China has a population of 1.3 billion. The US has a population of 0.3 billion. China has averaged an economic growth rate of about 10% over the past 3 decades. The US has averaged 3%. The Chinese government is strongly committed to heavy investment into high tech. From the above premises, one can virtually prove, as in a mathematical theorem, that China in a decade or so will be in a superior position to offer top salaries (in the rich Southeastern cities) to creative, brilliant Westerners to come to China to build artificial brains — much more than will be offered by the US and Europe. With the planet‘s most creative AI researchers in China, it is then almost certain that the planet‘s first artificial intellect to be built will have Chinese characteristics.

Some other arguments in favor of this idea mentioned in the article are that “One of China‘s major advantages is the lack of strong skepticism about AGI resulting from past failures” and that China “has little of the West‘s subliminal resistance to thinking machines or immortal people”.

(By the way, the same issue contains a good article by Alexandra Carmichael on subjects frequently discussed on this blog. The most fascinating detail from that article, to me, was when she mentions “self-organized clinical trials“; apparently users of PatientsLikeMe with ALS had set up their own virtual clinical trial where some of them started to take lithium and some didn’t, after which the outcomes were compared.)

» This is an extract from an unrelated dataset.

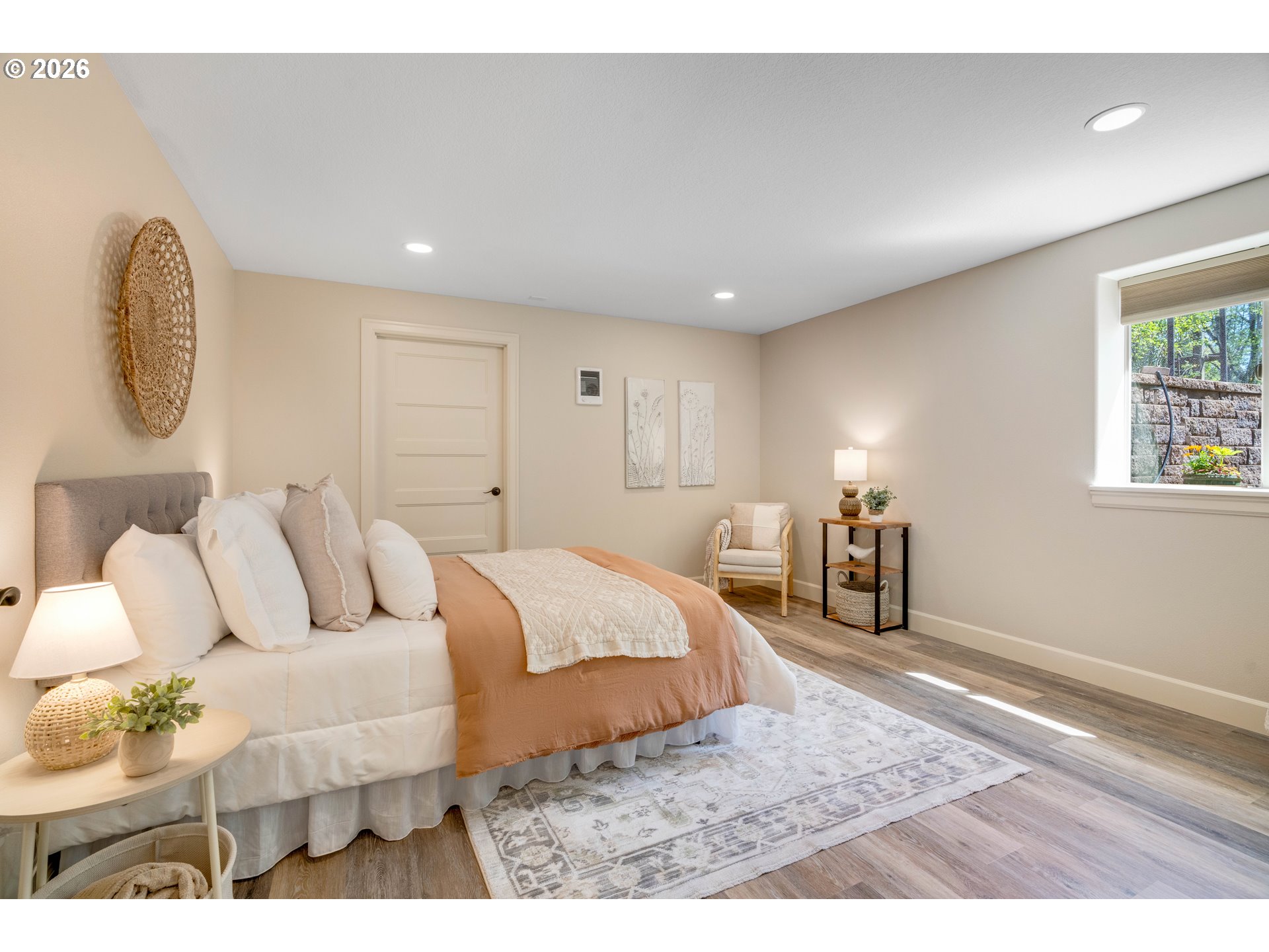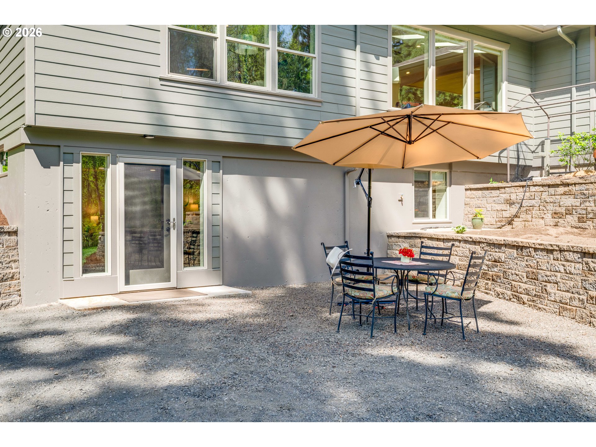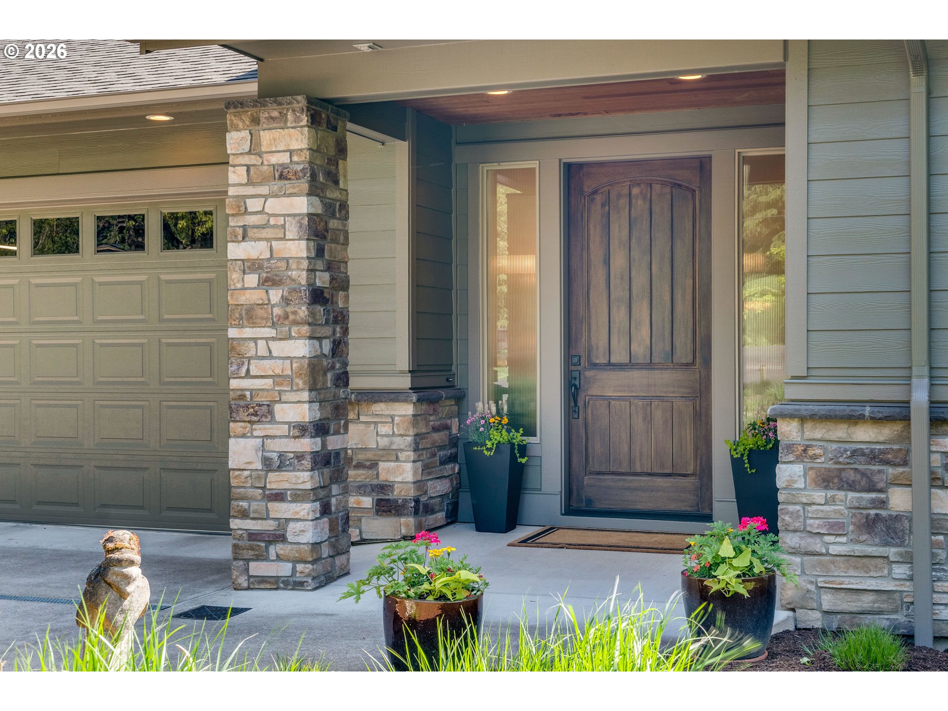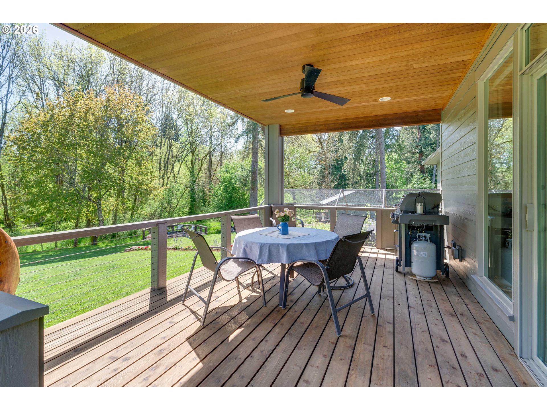 Tucked away on over two tranquil acres just minutes from the Nike campus and Tualatin Hills Nature Park, this exceptional property offers a rare balance of proximity and privacy. An everyday escape that feels worlds away. Thoughtfully designed for both comfortable living and effortless entertaining, the open main level is anchored by warm hickory finishes and expansive windows. The timeless kitchen, with double ovens, custom cabinetry, and a generous eating bar, flows seamlessly into the dining & living spaces, all oriented toward the sweeping backyard views. Step onto the covered deck to host sunset dinners, weekend BBQs, or quiet mornings immersed in the surrounding nature. The flexible lower level is ideal for multi-generational living, extended guest stays, or a family rec room. With its own entrance to a spacious patio courtyard, a large living area with mini bar, bedroom, full bath, and ample storage, this level lives like a home within a home. Outdoors, the property unfolds into a curated landscape designed for both beauty and function. Established gardens, mature blueberries, orchard, and a kitchen herb garden provide a true farm-to-table experience. A firepit perched at the edge of the protected wetlands creates an unforgettable setting for gathering under the stars. Built in 2015 by a custom homebuilder for his own personal residence, every detail reflects quality craftsmanship and intentional design. From Earth Advantage certification to high-end systems and finishes, this home has been meticulously maintained and thoughtfully upgraded throughout. With a 3-car garage, separate shed, central vacuum, and proximity to trails, nature parks, and transit, this is a property that truly offers it all: space, serenity, and connection.

Finally, I thought this methodology for tagging images with your mind was pretty neat. This particular type of mind reading does not seem to have reached a high specificity and sensitivity yet, but that will improve in time.

Mass e-epidemiology

The LifeGene project, which was recently started in Sweden, may in due time generate one of the most complex and interesting data sets ever. The project will study health, lifestyle and genetics (and much more) in the long term in a cohort of 500.000 (this is not a typo!) individuals. Participants will donate blood samples and be subjected to physical measurements (waist and hip circumference, blood pressure etc), but for a smaller subset of participants the study will really go deep, with global analysis of DNA, RNA, protein, metabolite and toxin levels, as well as epigenomics (simplifying a bit, this means genomic information that is not directly encoded in the DNA sequence). Two testing centres have opened during the fall – one in Stockholm and, more recently, one in Umeå.

Environmental factors will be examined too: “Exposures such as diet, physical activity, smoking, prenatal environment, infections, sleep-disorders, socioeconomic and psychosocial status, to name a few, will be assessed.” The data collection will be done through for instance mobile phones and the web, with sampling rates adjusted based on age and life events. The project consortium calls the approach e-epidemiology.

This might make each participant feel a bit like David Ewing Duncan, the man who decided to try as many genetic, medical and toxicological test on himself as he could, and wrote a book about it. Will they suffer from information overload from self-related data? For the statisticians involved, information overload is a certainty. It will be a tough – but interesting – task to collect, store and mine these data. But exactly this kind of project, which relates hereditary factors to environment and lifestyle and correlates these to outcomes (like disease states), is much needed.

The fourth paradigm

A new book about science in the age of big data, Fourth Paradigm: Data-Intensive Scientific Discovery, is available for downloading (for free). The book was reviewed in Nature today. It’s written by people from Microsoft Research and has a foreword by Gordon Bell, one of the authors of Total Recall: How the E-memory Revolution Will Change Everything.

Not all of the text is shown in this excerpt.